Dona Alice estava de barriga. Perguntei como faziam. Ele sorriu. Eu também. Como assim? – perguntou-me. No Paraná vocês não fazem? Ri dele. Ele de mim. Vô fazê uma homenage. Pra quem me dá a vida.
O céu estava limpo. A lua clareava as redes dependuradas. Essas águas do lago corriam para o Solimões. Esse
rio é como as mulheres ribeirinhas. Todo ano se enche e, no seguinte, se esvazia - pensei.
Mas a hora chegou. A água do lago escorria para o Solimões. Mas, de repente, os gemidos da Dona Alice cresceram. Todos dormiam. Raimundo pulou da sua rede e acendeu uma lamparina. Eu via tudo. Fiquei imóvel. Saí da rede. Corri até o fogão. Joguei lenha nas brasas de ontem. Fervi água. Amolei a faca de cortar peixe. Flambei-a no braseiro e esperei. — Raimundo! Precisa de alguma coisa? — Corre! Traz a faca.

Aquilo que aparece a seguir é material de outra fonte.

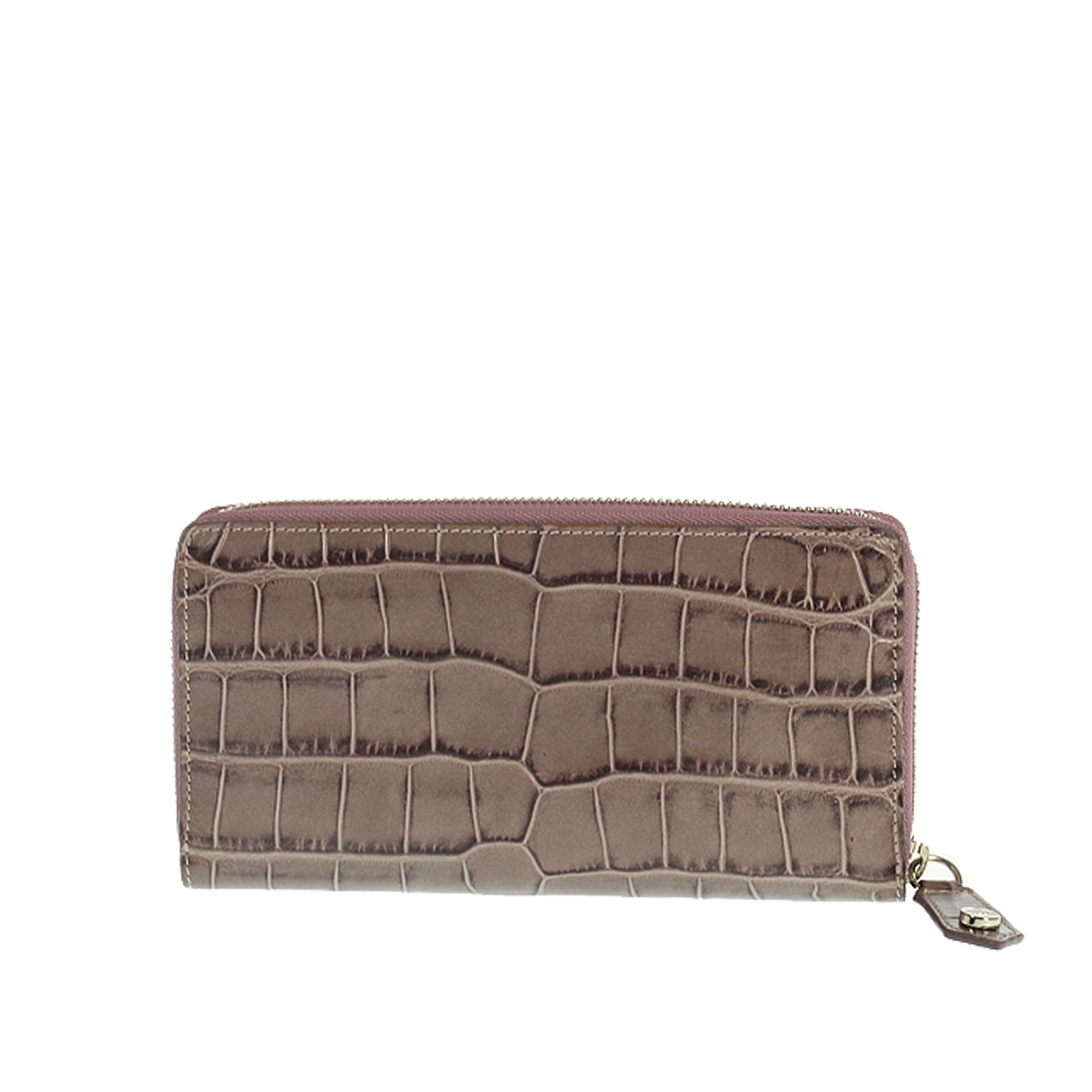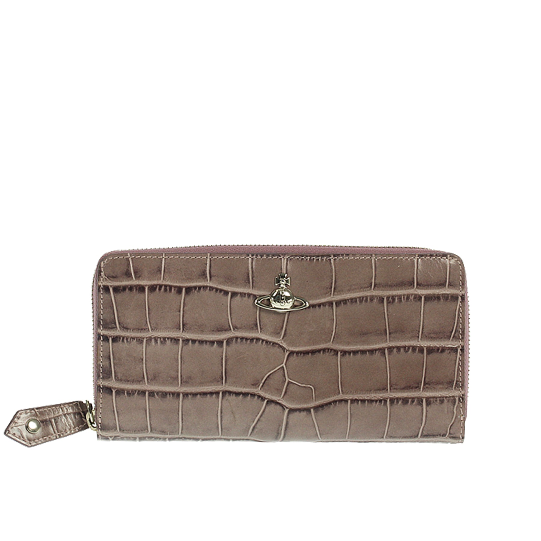 Portafoglio Vivienne Westwood, in pelle, effetto cocco, colore marrone, logo applicato, chiusura con cerniera, scomparti vari, tasca con cerniera, portadocumenti e portacarte, lunghezza cm 20, retail € 320,00

Cortou o cordão. Pegou a criança e, no lusco-fusco do pavio da lamparina e a claridade da lua, correu até o barranco e gritou: — Solimões! Aqui está ele! Por conta do que tem dado pra nóis, por todas as cria que oferece todos os dia, esse aqui vai tê o seu nome! Vai si chamá Solimões! Solimões Nonato da Silva! – sorriu.